Vertigo is a phenomenon which can be best described as sensation of spinning, even while standing still. Thus, vertigo patients are supposed to endure this sensation often, making their lives significantly harder and more complicated. Thus, it is best to seek medical attention as soon as possible in these situations. However, do not drive to the medical facility on your own. Rather, have someone take you there.
A primary care doctor can diagnose your condition and direct you to a specialist if necessary. He/she will also provide you with medications which can deal with some of your symptoms, making your life easier.
The Balance of Our Body
Balancing and orienting in space is quite a complex process our body has to take care of. Our inner ears keep track of our motion, noticing changes each time we turn or change our body position. This process is combined with the information our brain receives from our eyes, which detects motion as well. Additionally, the pressure receptors in our skin, joints, spine and other body parts, inform the brain of the part of our body being on the ground or getting in contact with some other surfaces.

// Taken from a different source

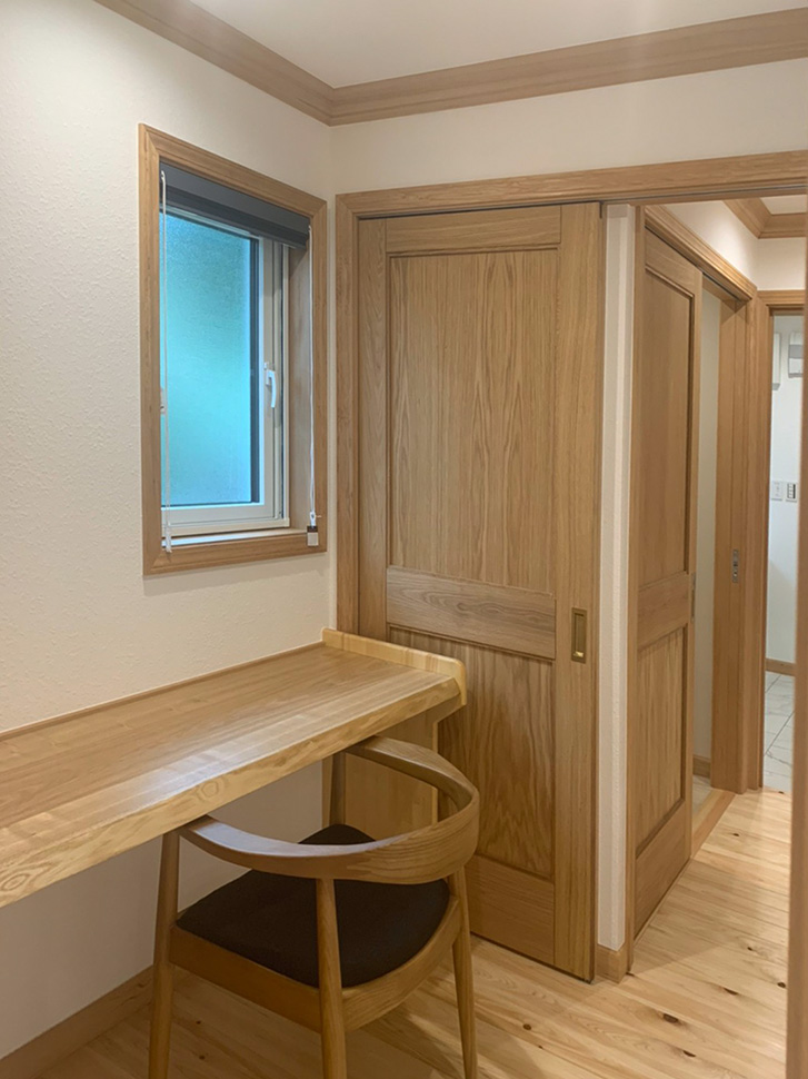 寝室側、リビング側のどちらからでも行き来でき、家族で使える書斎。

Since these different information come to our brain all at once, the central nervous system needs to process the data and make it more understandable and coordinated. Once the messages make no sense or get in conflict with each other, conditions like motion sickness and vertigo take place.
Reasons behind Vertigo
Sometimes anemia or low heart function levels can lead to vertigo, due to the fact that one's brain is not receiving enough blood. Poor circulation can also be triggered by excessive salt in a person's diet. Stress, anxiety, frustrations and tension can lead to vertigo too.
Our inner ear needs enough blood to function properly. If it fails to receive adequate amounts of blood, vertigo may affect us, since the inner ear is very sensitive to changes of this type. Sometimes, direct injuries to the skull, including fractures, may lead to nausea, vertigo and hearing loss. During the recovery period, the dizziness is likely to prevail for several weeks.
There are cases where infections are behind vertigo. For example, common flu or cold can attack the nerve connections in our inner ear, triggering vertigo, but, fortunately, leaving our hearing intact. Some people experience vertigo when exposed to specific allergens. Others have this condition connected with other, underlying, neurological diseases like syphilis, multiple sclerosis or tumors.
Special Yoga poses and disciplines can better one's balance and posture significantly, presenting a successful treatment for vertigo and dizziness. Yoga can balance the nervous system and the balance centers in our inner ear, boosting our concentration and removing vertigo.